WORK TO COMPLETE - Please write out exactly the lines of the data below from the line holding "وظهر صلاح فى" through the line holding "LIFEBATH – Zitbad", and leave out the rest.

DATA FOR THE TASK -
————————

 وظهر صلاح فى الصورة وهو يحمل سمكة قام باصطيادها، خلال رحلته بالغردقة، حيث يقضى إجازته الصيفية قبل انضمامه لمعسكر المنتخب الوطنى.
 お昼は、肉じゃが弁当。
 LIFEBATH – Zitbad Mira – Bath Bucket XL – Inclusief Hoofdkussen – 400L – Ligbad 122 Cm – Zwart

————————

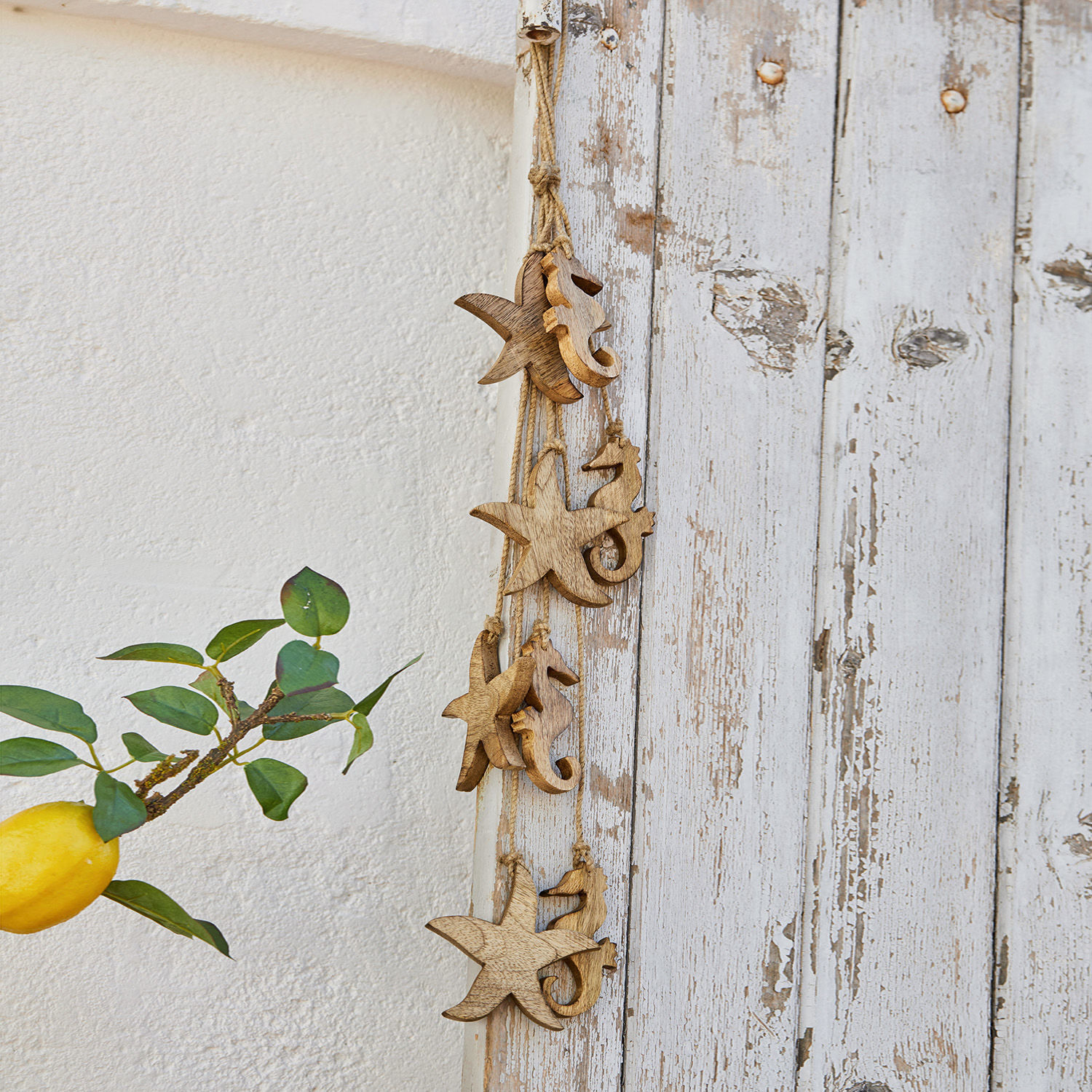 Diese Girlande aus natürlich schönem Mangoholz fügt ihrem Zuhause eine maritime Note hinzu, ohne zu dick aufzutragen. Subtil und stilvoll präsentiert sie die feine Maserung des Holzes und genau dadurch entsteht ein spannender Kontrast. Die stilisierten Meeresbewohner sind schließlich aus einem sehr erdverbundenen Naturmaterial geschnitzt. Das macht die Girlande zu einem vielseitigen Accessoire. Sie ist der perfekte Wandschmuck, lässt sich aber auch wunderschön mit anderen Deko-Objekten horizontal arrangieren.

————————

EXERCISE RESPONSE -
 وظهر صلاح فى الصورة وهو يحمل سمكة قام باصطيادها، خلال رحلته بالغردقة، حيث يقضى إجازته الصيفية قبل انضمامه لمعسكر المنتخب الوطنى.
 お昼は、肉じゃが弁当。
 LIFEBATH – Zitbad Mira – Bath Bucket XL – Inclusief Hoofdkussen – 400L – Ligbad 122 Cm – Zwart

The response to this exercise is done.